Use the talons: Justice must crack down on eagle deaths
November 25, 2013 7:17 PM
The Obama administration has long supported renewable energy sources such as wind power that do not create the pollution associated with climate change. That is wise as far as it goes, but its wisdom so far has not extended to being tough on wind farms that kill birds in excessive numbers.
On Friday, the administration belatedly made up for its selective enforcement by reaching a settlement with Duke Energy Corp. and its renewable energy division, which pleaded guilty to killing 14 eagles and 149 other birds at two Wyoming sites.
Although the administration had targeted traditional fossil fuel companies with the same law, this was the first time a wind firm had been prosecuted. “In this plea agreement, Duke Energy Renewables acknowledges that it constructed these wind projects in a manner it knew beforehand would likely result in avian deaths,” said acting Assistant Attorney General Robert G. Dreher of the Justice Department’s Environmental and Natural Resources Division.
Unfortunately, a penalty of $1 million is small change for an offense that needs to be deterred precisely because it is so common.

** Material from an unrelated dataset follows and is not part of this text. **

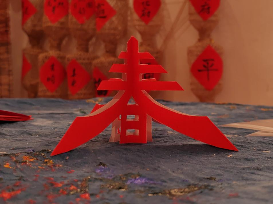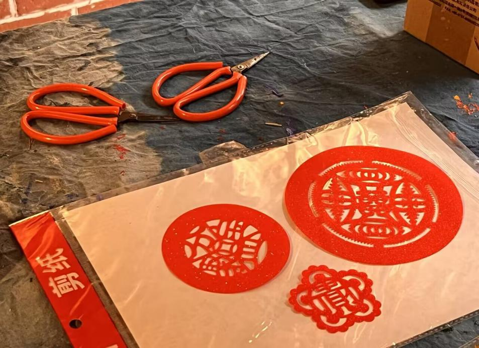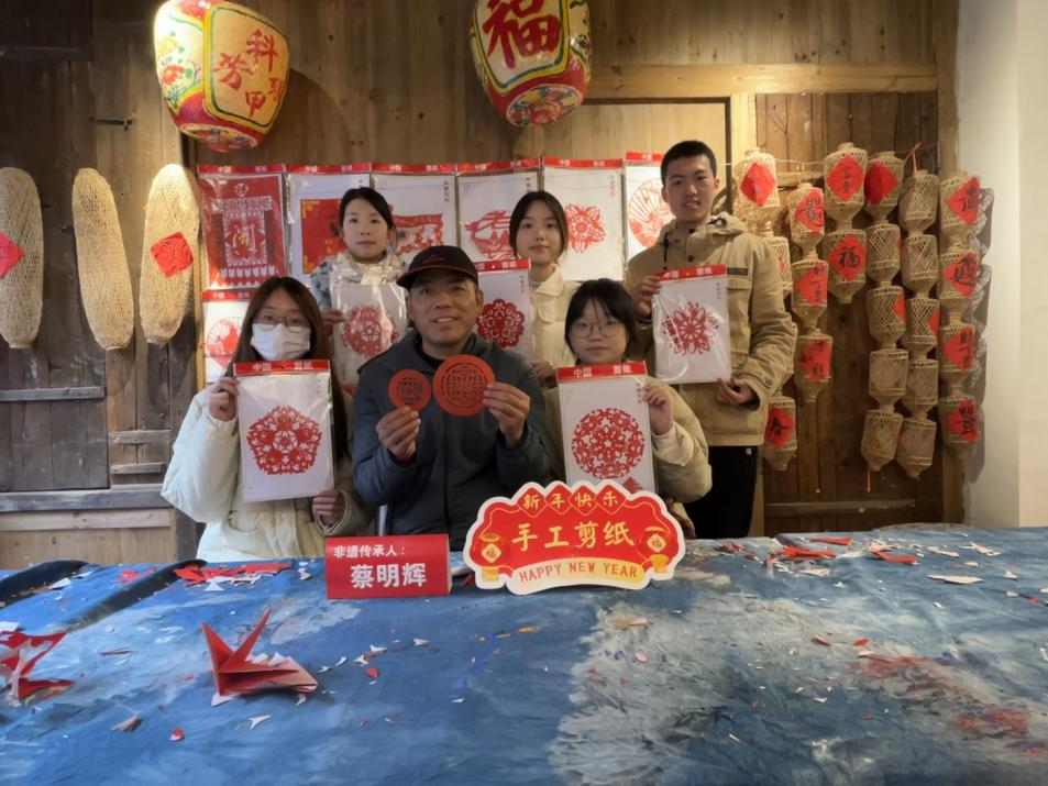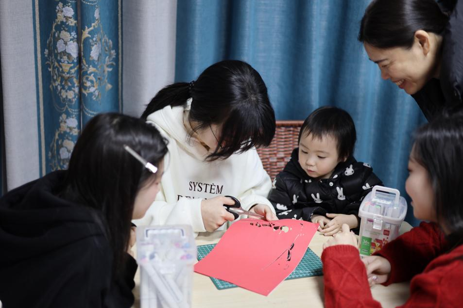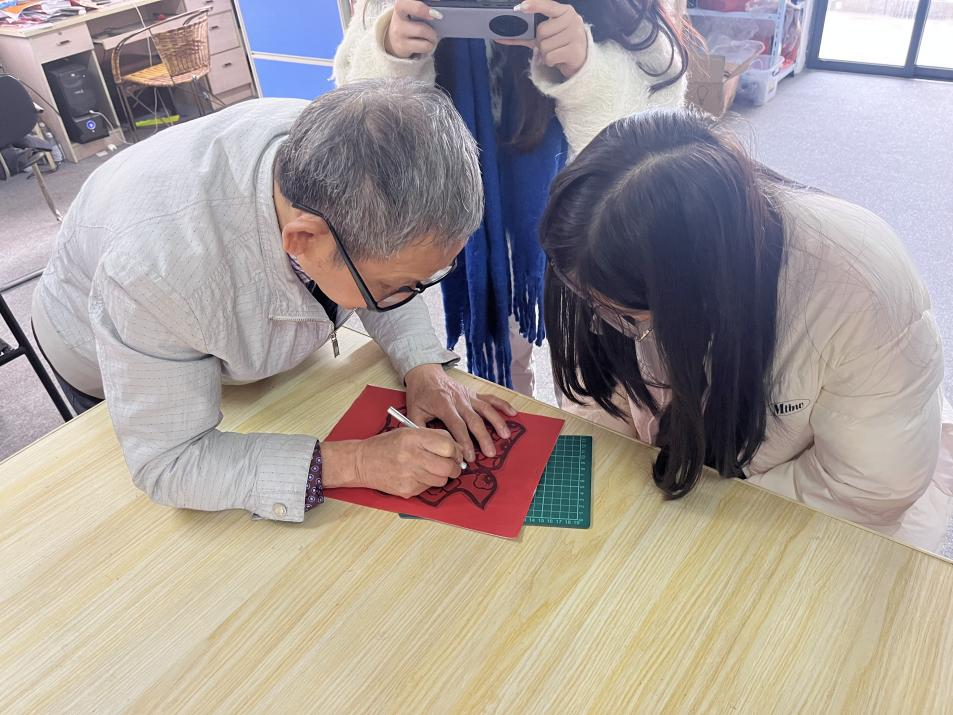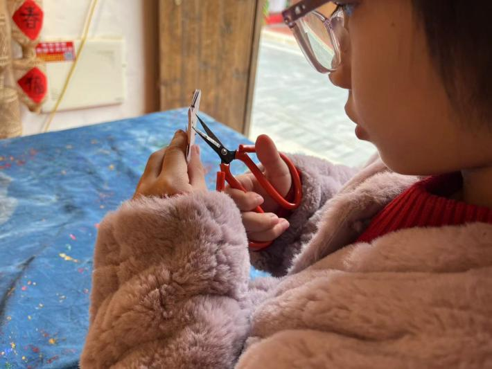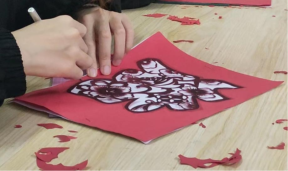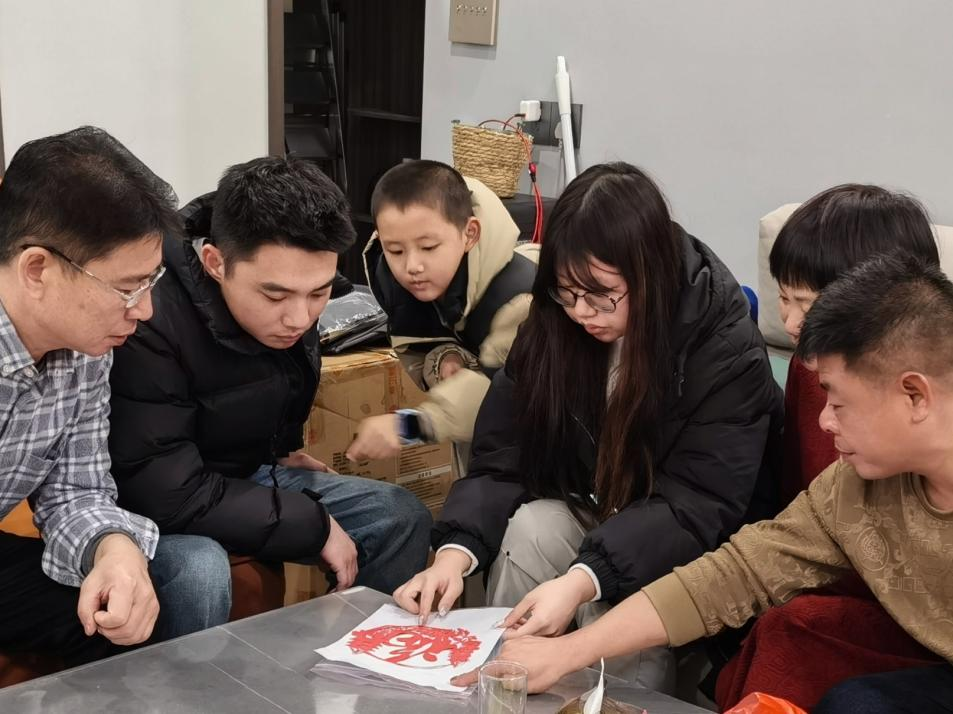 随后,实践队员在蔡老师的指导下深入学习了剪纸的理论知识和基本技法的五要素,掌握了制作剪纸过程中需遵循的“三先三后”原则,并开展创作实践,剪制了各具形态的窗花样式和立体的“春”字,深刻感受到了传统剪纸技艺中蕴含着丰富的文化内涵与价值情感。

In May, The Associated Press reported that dozens of eagle deaths have been caused by wind energy farms. In September, a federal study found that wind turbines had killed at least 67 bald and golden eagles in the last five years.
Although it is well known that wind farms are a lethal threat to migratory birds and bats, eagles — majestic raptors that gave the nation its most compelling symbol — have a special claim on the nation’s affections.
As George Fenwick, president of the American Bird Conservancy, said: “wind energy is not green if it’s killing hundreds of thousands of birds.” Although wind energy companies say they are addressing the issue, clearly much more must be done, by siting wind farms with a view to bird behavior and deterring birds before they hit turbines.
The government needs to be tough. A person who shot an eagle with a rifle would be prosecuted to the fullest extent of the law. Wind energy companies should be, too.